Le décès tragique par assassinat, le 3 février dernier, de Seif al Islam Kadhafi, l’un des fils de Mouammar Kadhafi et visage connu des extravagances du régime de son père, vient rappeler la déliquescence dans laquelle la Libye est plongée depuis 2011. La désintégration et la désagrégation de l’État libyen, après l’intervention otanienne sous impulsion française, ont fait que ce pays n’a pas retrouvé la situation qui était la sienne avant la révolution de 2011. Même si, sous le règne de Mouammar Kadhafi, de 1969 à 2011, la Libye n’était pas une terre de liberté et de démocratie, il n’en demeure pas moins que le niveau de vie y figurait parmi les meilleurs en Afrique du Nord et subsaharienne. Porté par d’abondantes ressources en hydrocarbures, Mouammar Kadhafi, avec ses titres pompeux et excentriques de « guide de la révolution » ou de « commandant de la Grande Jamahiriya », au gré de ses pérégrinations à travers le monde, se voulait tantôt le représentant d’un monde arabe en quête d’un chef charismatique, tantôt le leader d’un panafricanisme nouveau.
Depuis son départ du pouvoir et sa mort, le 20 octobre 2011, la Libye est devenue ce que l’on appelle, dans le vocabulaire des organisations internationales, surtout américaines, un « Failed State » ou « État en faillite ». Concept développé par des chercheurs anglo saxons en sciences politiques, il désigne des États incapables d’exercer leurs missions, tant dans les domaines régaliens, comme le contrôle du territoire, la sécurité des biens et des personnes ou l’exercice de la justice, que dans la fourniture des services économiques et sociaux à la population. La Somalie est souvent présentée comme l’exemple typique d’un « Failed State ». Ainsi, au-delà d’être un mouroir pour des migrants engloutis par les eaux de la Méditerranée, la Libye est aussi devenue un passoire pour des groupes armés qui, sous couvert de terrorisme djihadiste, ont contribué à la dégradation de la situation sécuritaire dans le Sahel. Les premiers coups de semonce de la crise malienne, ainsi que l’arc de crise qui mine toute la région sahélienne, résultent en partie de la circulation incontrôlée des armes en Libye et de l’ampleur prise par l’affrontement entre différents groupes belligérants, aiguillonnés et soutenus par de grandes puissances.

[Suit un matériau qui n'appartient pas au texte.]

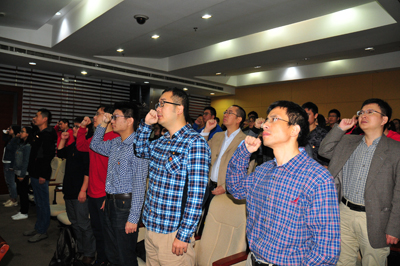 在聆听习近平总书记的报告前,学院全体师生党员收看了由中央组织部、中央电视台联合录制的以“喜迎十九大、共圆中国梦,走近学习榜样、凝聚复兴力量”为主题的特别节目《榜样2》,观看了南部战区空军航空兵某团团长、特级飞行员刘锐和马克思主义哲学家、中国人民大学哲学院教授陈先达的事迹,通过先进事迹再现、典型代表访谈、嘉宾现场讲述等形式,于平凡故事中领会深刻道理,切实感受到了优秀的共产党员是什么样子?为人民服务的公仆是什么样子?大家深受教育和鼓舞。随后,在党委书记王昉的主持下,全体党员举行了佩戴党徽、重温入党誓词的仪式。铮铮誓言不忘初心,对每个党员来说,都是庄严而神圣的承诺。
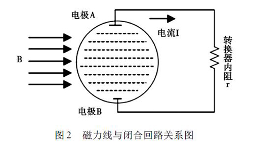 2. 1 正交干擾丙酸流量計的磁路系統(tǒng)包含有兩個勵磁線圈,而導(dǎo)管內(nèi)的液體與傳感器電*及轉(zhuǎn)換器結(jié)構(gòu)組成了一個閉合的回路,如圖2 所示。理論情況下,磁力線( 圖中B) 應(yīng)與閉合回路相平行,但是由于裝配過程中的誤差,導(dǎo)致磁力線不可能完全平行于這一閉合回路,出現(xiàn)部分磁力線成一定角度穿過回路的現(xiàn)象,這引起了即使沒有液體流動的情況下,傳感器的電*上也會產(chǎn)生感應(yīng)電動勢,就形成了正交干擾的基本形式。
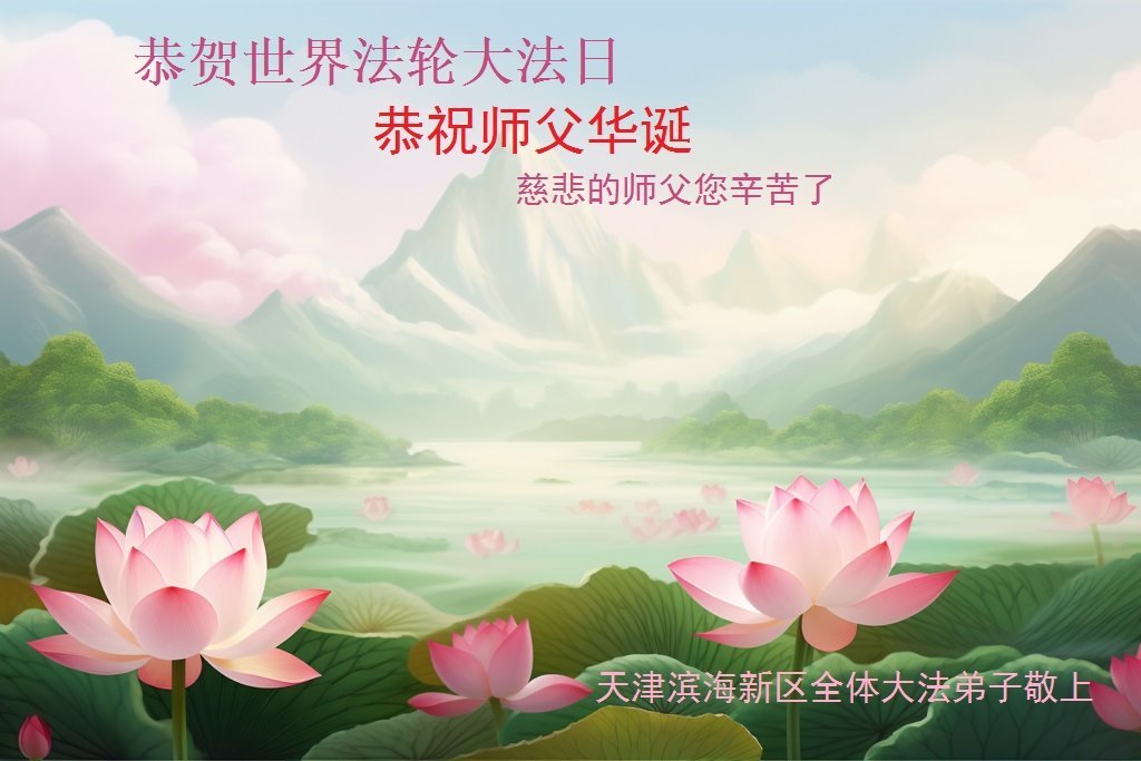 天津滨海新区大法弟子恭贺世界法轮大法日暨师尊生日快乐!
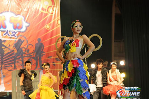 yL23411永利官网登录和艺术学系本次联合推出名为“Amazing”的创意时装表演。首先上台的五位女生分别身着蓝、黄、黑、绿、红五色时装,搭配五位男生在T型台上一字排开。最后一位上场的女生身着五色裙装,背后带着奥运五环于T台上优雅走过。模特们以动感十足的表演向观众们诠释了“绿色、科技、人文”的时尚内涵。我们的时装分蓝、黄、黑、绿、红五种颜色,主要是与今年的奥运主题相契合。我们五名女生分别代表拳击、足球、击剑、体操和羽毛球五种运动,目的就是为了更好地将奥运精神和时尚元素融合在一起。
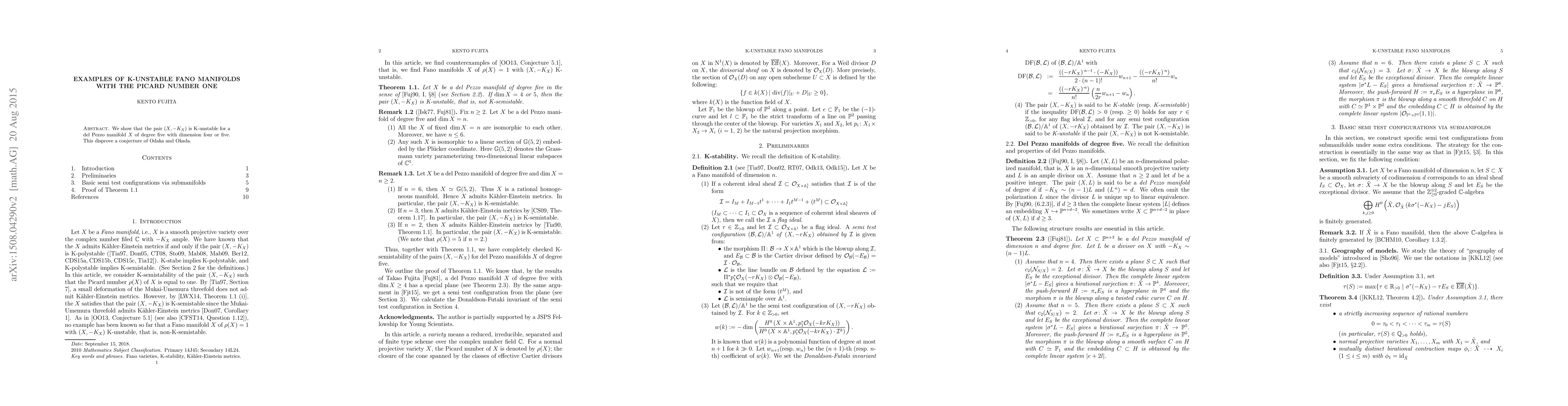 Researchers disprove a conjecture about K-unstable Fano manifolds of degree five with dimension four or five. They show that the manifold is unstable for a specific pair (X, -K_X).
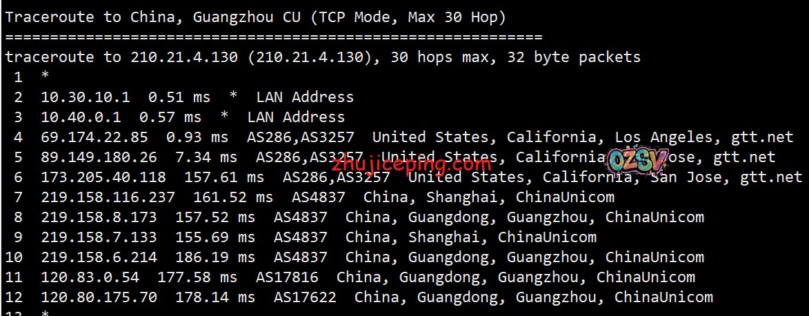 回程,到国内联通:北京方向是洛杉矶到圣何塞cogentco对接联通骨干回国,上海方向是从洛杉矶联通节点直接回来,广州方向是洛杉矶到圣何塞GTT对接联通骨干到上海联通然后转广州。
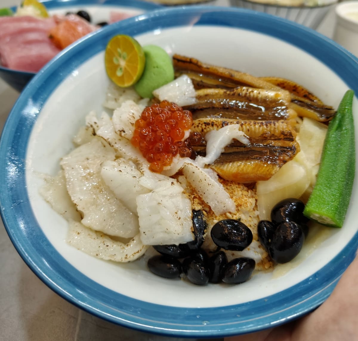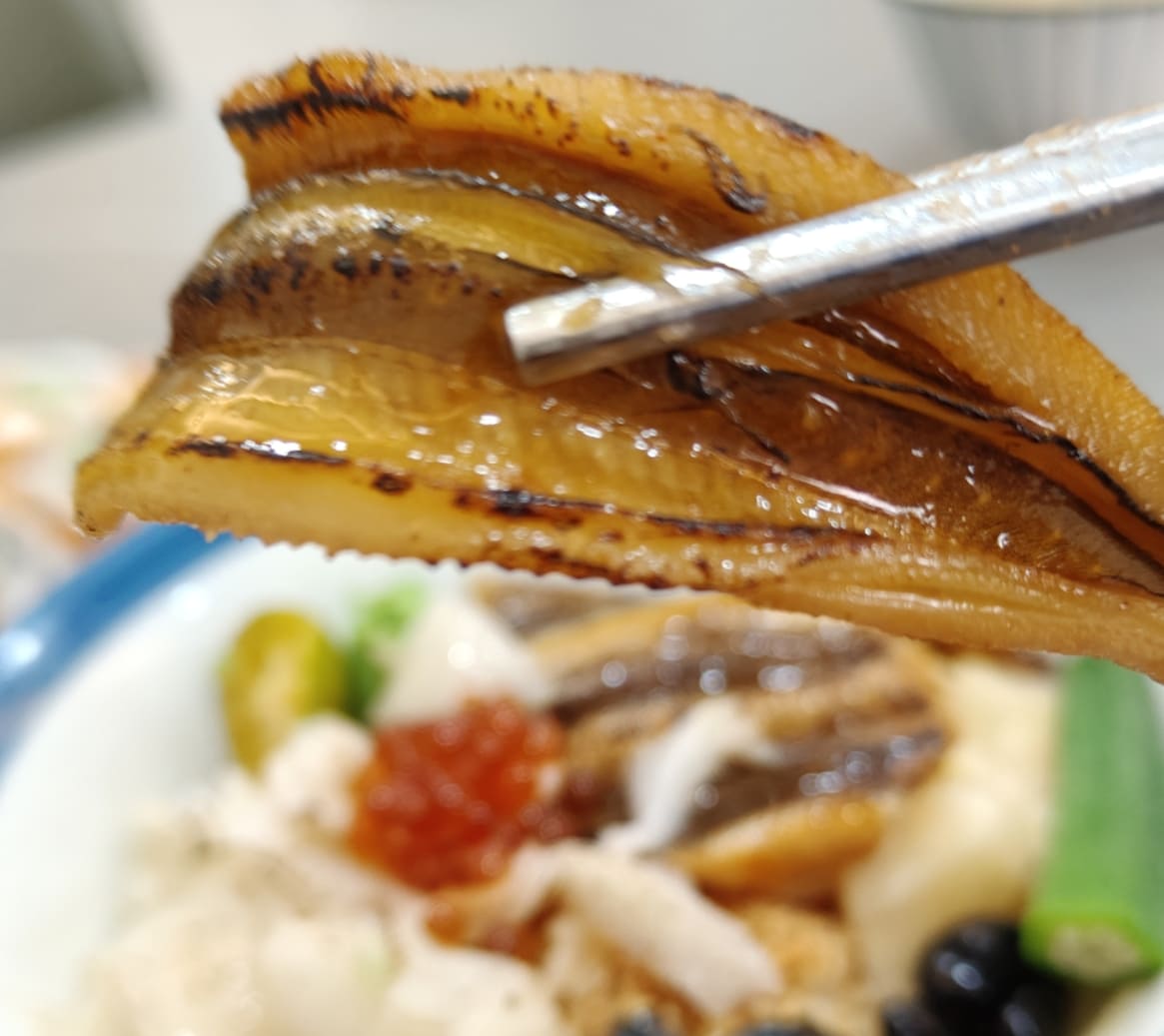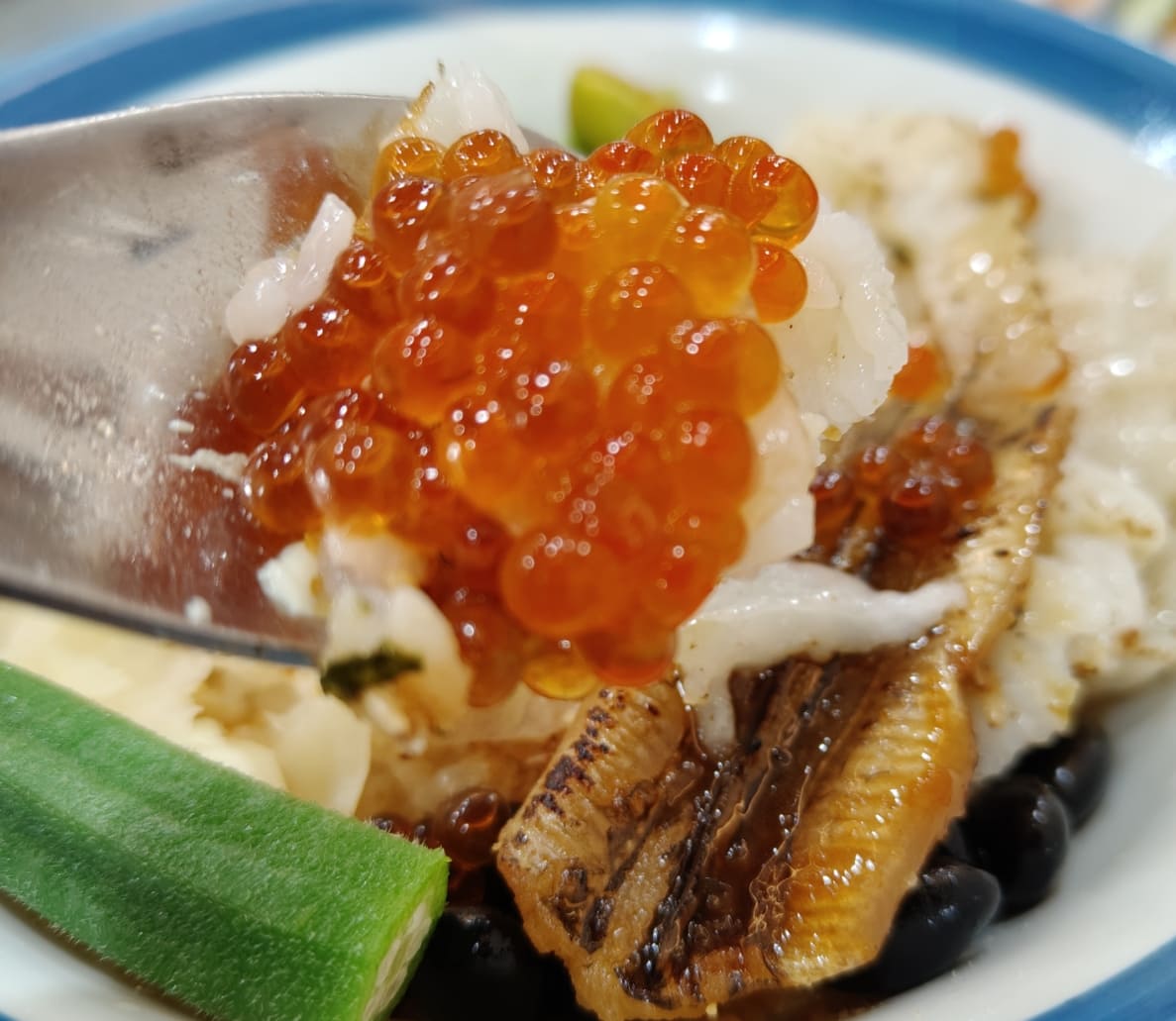 鮭魚卵啵啵爆汁,讓整碗多了驚喜口感,鹹香的海味在嘴裡綻開,配菜像秋葵、黑豆也讓味道更平衡,吃起來不膩口。
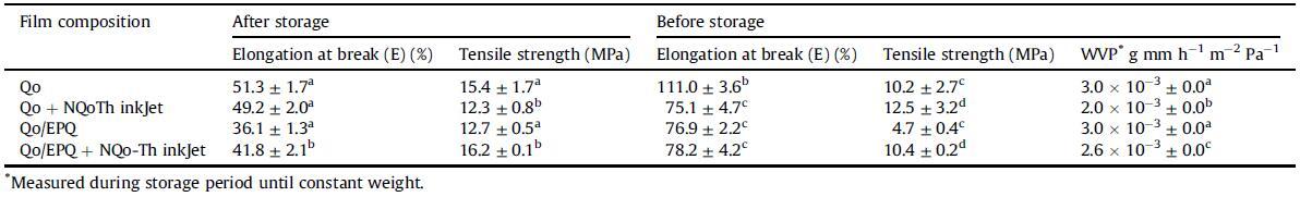 在儲存前后測量了印有4層NQoThs的薄膜的機(jī)械性能和WVP,這些結(jié)果如表4所示。

Puissances occidentales et orientales y ont exporté leurs rivalités et leurs contradictions, si bien que le conflit a atteint de telles proportions qu’il a débordé vers des espaces contigus comme le Tchad et le Niger, et peut être demain la Tunisie ou l’Égypte, pays frontaliers respectivement à l’ouest et à l’est de la Libye. Depuis plus de quinze ans, la partition est de fait dans ce pays, avec deux autorités qui gouvernent à travers leurs propres institutions. D’un côté, le Haut Conseil d’État, basé à Tripoli, et de l’autre, la Chambre des représentants, qui siège à Benghazi. Ces deux organes reflètent la division du pays en deux blocs politiques distincts, avec à l’ouest un gouvernement d’unité nationale reconnu par l’ONU et dirigé par Abdel Hamid Dbeibah.
À l’est se trouve une Armée nationale libyenne dirigée par le maréchal Khalifa Haftar. Cette partition est également exacerbée par des réalités tribales et communautaires, latentes dans presque tous les pays arabes et particulièrement visibles lorsque survient une crise. Le cas libyen n’y échappe pas. Avec cet événement tragique qu’est la mort de Seif al Islam Kadhafi, il devient de plus en plus urgent pour les instances africaines de se pencher sur la Libye, de penser cette crise sous un prisme véritablement africain et de ne plus laisser les capitales occidentales et orientales dicter leurs volontés, guidées avant tout par leurs propres intérêts dans ce dossier.